А потом Вадим неожиданно предложил провести вместе следующий вечер: у него были билеты на концерт, его пригласил сам пианист, но не с кем было пойти, так что если Александра не согласится, то и он откажется. Это было настолько странно и как-то неуместно в мизансцене зимнего киевского рынка, что Александра вдруг застыла, и протянутые Вадиму пакеты с фруктами зависли в воздухе, а затем медленно опустились на прилавок.
– Куда? – тихо уточнила женщина, и показалось, что это вовсе не она сказала, а прошелестел сквозняк, который вечно гулял между накрытыми только сверху рядами рынка.

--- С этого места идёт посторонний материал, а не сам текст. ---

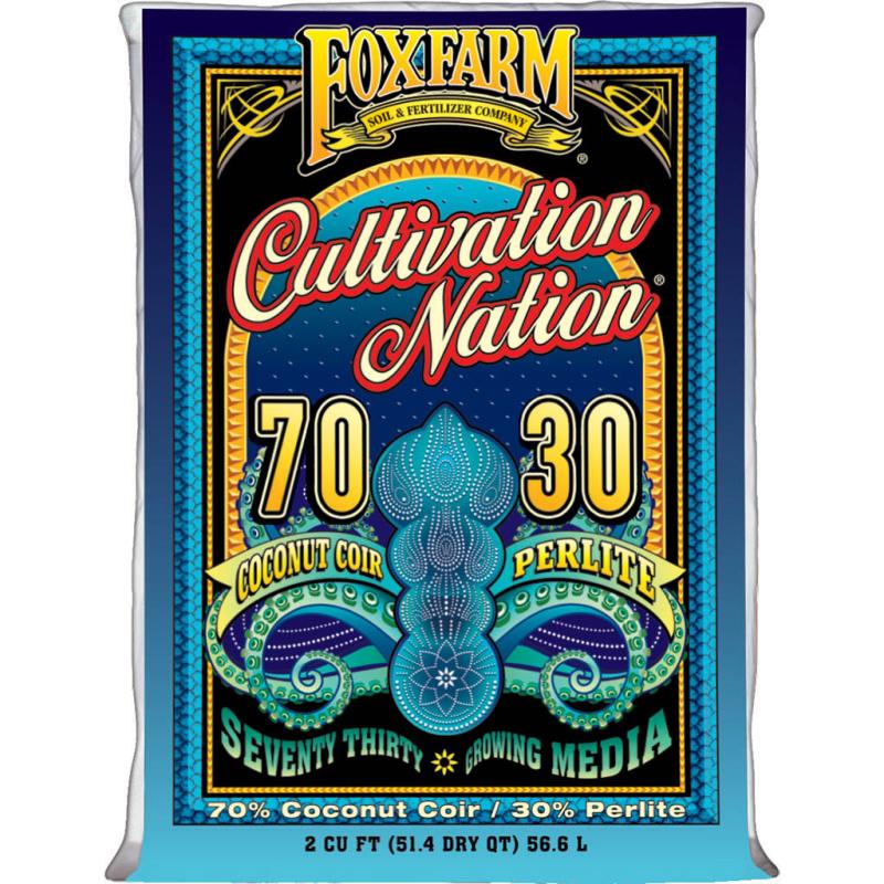 | 70% Coconut Coir / 30% Perlite. Cultivation Nation Seventy Thirty Growing Media is a mixture of buffered coconut coir and perlite, blended in the classic ratio of 70:30. Coconut coir is known for its water holding capabilities, and perlite is included to provide air spaces in the media, facilitating aeration and drainage. For best results, use in conjunction with FoxFarm Cultivation Nation fertilizers and pH adjusters. Cultivation Nation Seventy Thirty Growing Media is designed for use in containers in outdoor or indoor growing environments. Plant directly into this blend. When watering, add enough to fully saturate the media, allowing excess water to drain from the bottom of the container. |

– В филармонию, это на Европейской площади, где начинается Владимирский спуск на Подол, знаете?
Александра смотрела на малознакомого мужчину, еще не уверенная, что он не шутит, но почему-то кивнула. Этим она дала утвердительный ответ на вопрос, знает ли, где находится филармония, а вовсе не согласилась пойти туда с Вадимом, но он, довольный, улыбнулся еще шире, положил на прилавок стогривневую купюру, взял свои пакеты и уточнил:
– Буду ждать вас у входа без четверти семь. Завтра.
Александра едва набрала воздуха, чтобы сказать, что ей еще нужно подумать, как упитанная дамочка начала оттеснять Вадима от прилавка и щупать фрукты.
Александра растерянно улыбнулась, кивнула еще раз, быстро сосчитала стоимость покупки и положила Вадиму в ладонь сдачу. Ей стало до слез стыдно за свои перчатки с обрезанными пальчиками, чтобы легче было считать деньги, стыдно за вынужденно-идиотский наряд, за этот базар и до боли горько за свою дурацкую и очень непростую жизнь, казалось, отделенную целой пропастью от жизни молодого доктора Вадима Игоревича, который неожиданно пригласил ее на завтрашний концерт. Спазм сжал горло, к глазам подступили слезы, она кивнула еще раз и отвернулась к своим ящикам и коробкам с фруктами и овощами. Но кончики ее пальцев запомнили тепло ладони Вадима, которое она почувствовала, отдавая ему сдачу.
И вот Александра уже стучала каблучками, двигаясь в направлении старинного здания филармонии, возле которого виднелся силуэт Вадима.
Времени на разговоры не было, они быстро разделись и оставили верхнюю одежду в гардеробе, а потом поднялись по лестнице в концертный зал, уже полный любителей классической музыки. К своему стыду, Александра была здесь впервые, хотя после переезда в Киев поначалу радовалась возможностям большого города и покупала для семьи билеты на театральные представления, водила Стасю в цирк и в кукольный театр, а еще им очень нравился большой естественно-географический музей на Богдана Хмельницкого. Но потом, когда рухнули надежды на собственное жилье в Киеве, ради которого была продана их квартира, когда муж выбрал простейший способ забыть проблемы, когда пришлось им со Стасей освободить арендованную квартиру, потому что нечем было за нее платить, когда домом Александры стал детский сад, им было уже совсем не до театров и концертов. Разве что бывала она на праздничных концертах, на которых ученики балетной школы показывали свое мастерство, чем радовали учителей, родителей и других гостей.